▶ Dataset section:
============

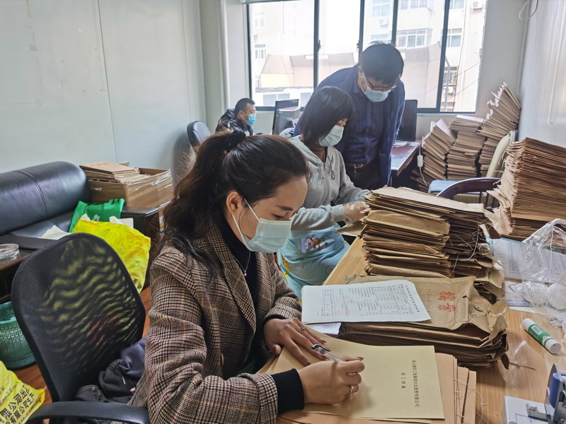 在檔案整理現場,大家通力配合,有的整理檔案、有的輸入電腦、有的仔細核對,加班加點做好退休人員基本信息和檔案整理、登記造冊等工作,有條不紊、熱火朝天。工作人員層層壓實責任,細化任務分工,編制移交清單,對各個時期的人事檔案材料及時進行梳理、鑒別、整理、裝訂,確保內容真實準確、材料齊全完整。此次涉及移交檔案1580卷,已經完成1300余卷,其余部分將于近期陸續完成。
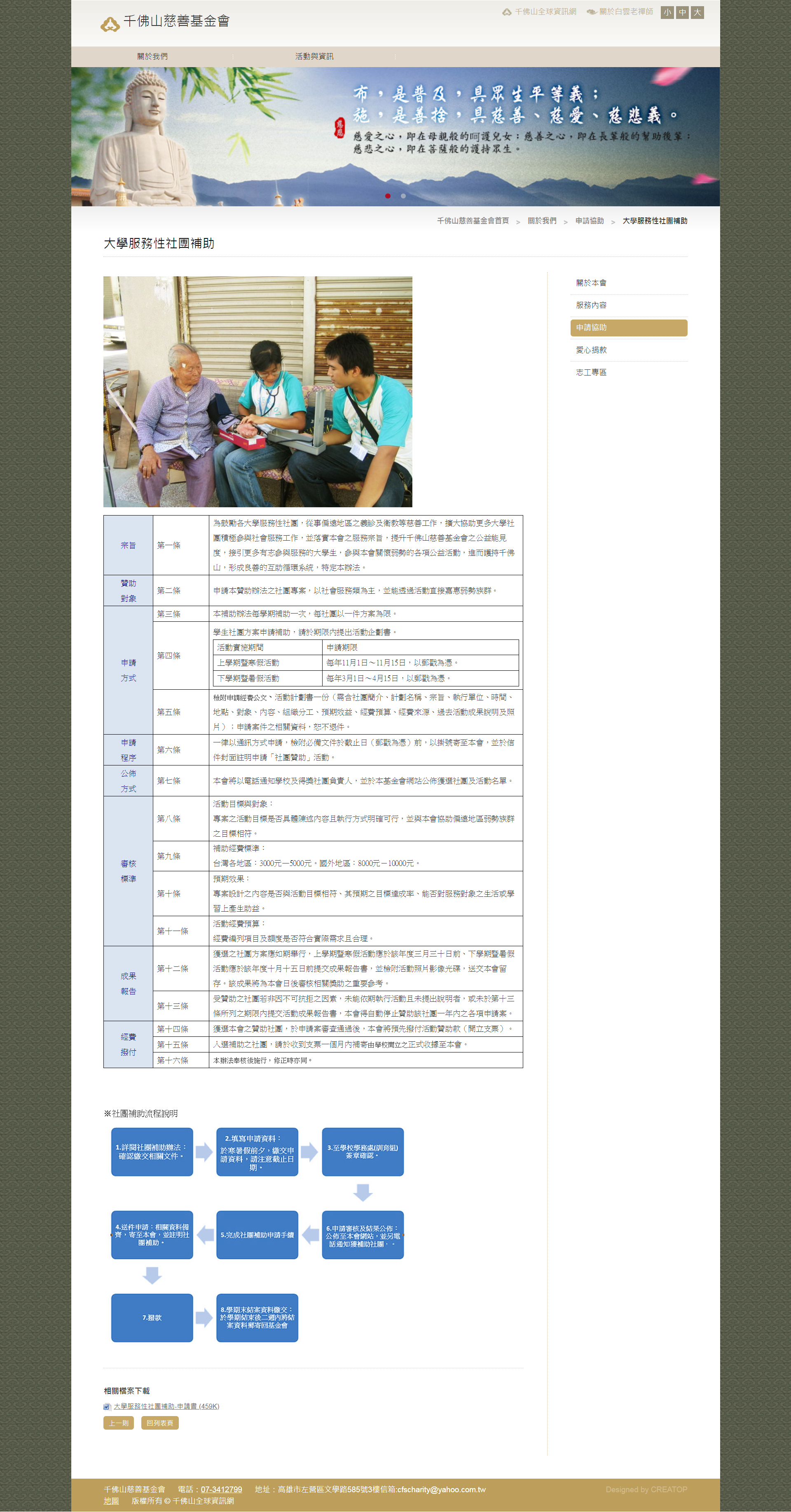 💰【補助申請】108年寒假服務隊─千佛山慈善基金會(11/8截止) 2018-11-01• 最新消息 一、申請資格 1.贊助對象:申請本贊助辦法之社團專案,以社會服務類為主,並能透過活動直接嘉惠弱勢族群。 二、申請資料 1.申請日期:即日起至107年11月8日(星期四)16:30截止。 2.申請文件: (1)活動企劃書:需含社團簡介、計劃名稱、宗旨、執行單位、時間、地點、對象、內容、組織分工、預期效益、經費預算、經費來源、過去活動成果說明及照片)。 (2)附件二申請書 3.繳交方式: (1)將企劃書&附件二申請書:交電子檔給各輔導助教。 (2)信件主旨:某社-108寒隊-千佛山申請書 三、其他 1.請參閱千佛山網站 附件下載 附件二-千佛山申請書.doc 附件一-大學服務性社團活動補助說明.jpg
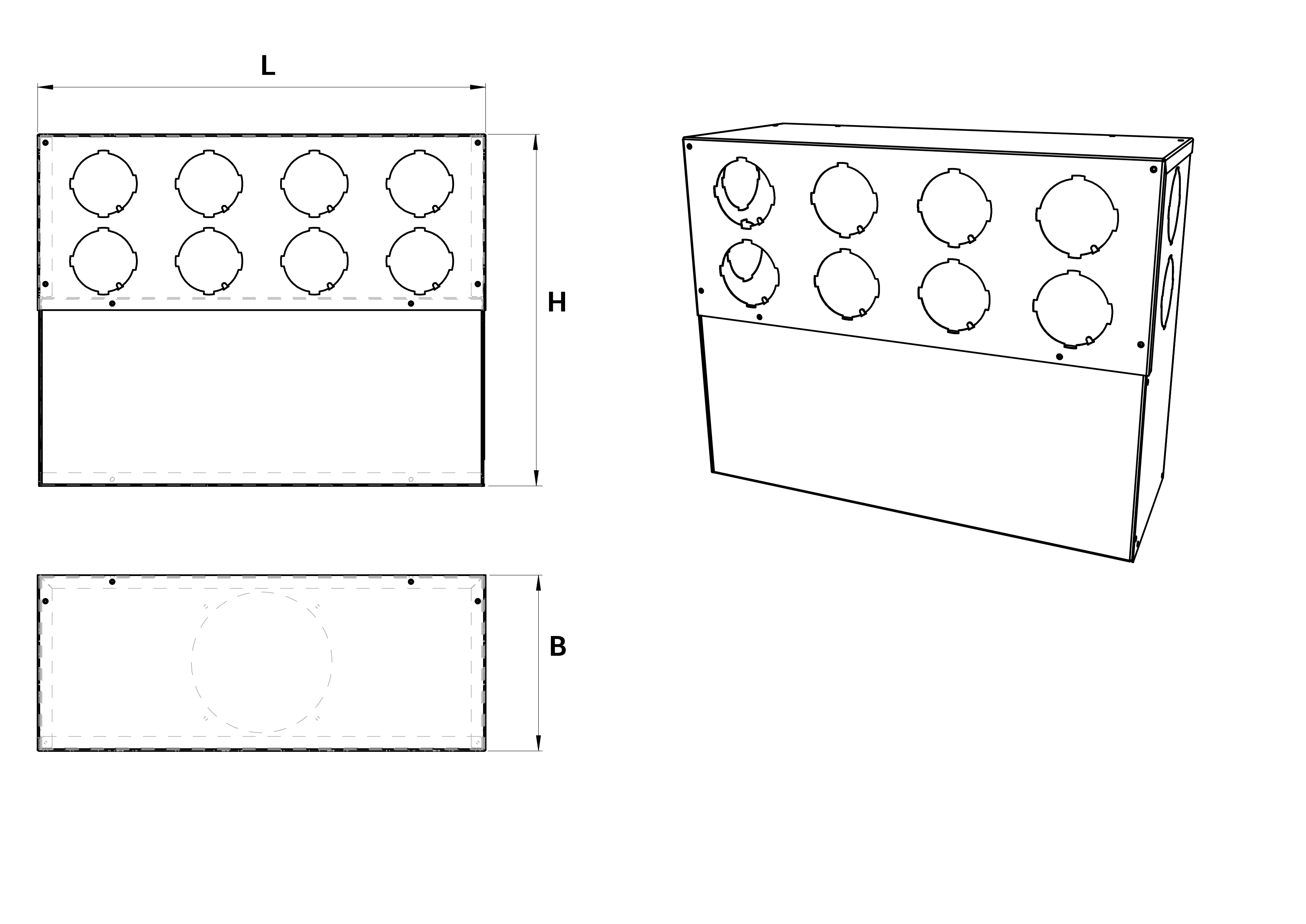 Ogni modello di EBOX-N è predisposto per l’applicazione di altri 4 manicotti laterali, 2 per ogni lato stretto.

============

Pictures stay out; reproduce exactly the lines from the one containing "附件下載 附件二-千佛山申請書.doc 附件一-大學服務性社團活動補助說明.jpg" through the end of the data.

 💰【補助申請】108年寒假服務隊─千佛山慈善基金會(11/8截止) 2018-11-01• 最新消息 一、申請資格 1.贊助對象:申請本贊助辦法之社團專案,以社會服務類為主,並能透過活動直接嘉惠弱勢族群。 二、申請資料 1.申請日期:即日起至107年11月8日(星期四)16:30截止。 2.申請文件: (1)活動企劃書:需含社團簡介、計劃名稱、宗旨、執行單位、時間、地點、對象、內容、組織分工、預期效益、經費預算、經費來源、過去活動成果說明及照片)。 (2)附件二申請書 3.繳交方式: (1)將企劃書&附件二申請書:交電子檔給各輔導助教。 (2)信件主旨:某社-108寒隊-千佛山申請書 三、其他 1.請參閱千佛山網站 附件下載 附件二-千佛山申請書.doc 附件一-大學服務性社團活動補助說明.jpg
 Ogni modello di EBOX-N è predisposto per l’applicazione di altri 4 manicotti laterali, 2 per ogni lato stretto.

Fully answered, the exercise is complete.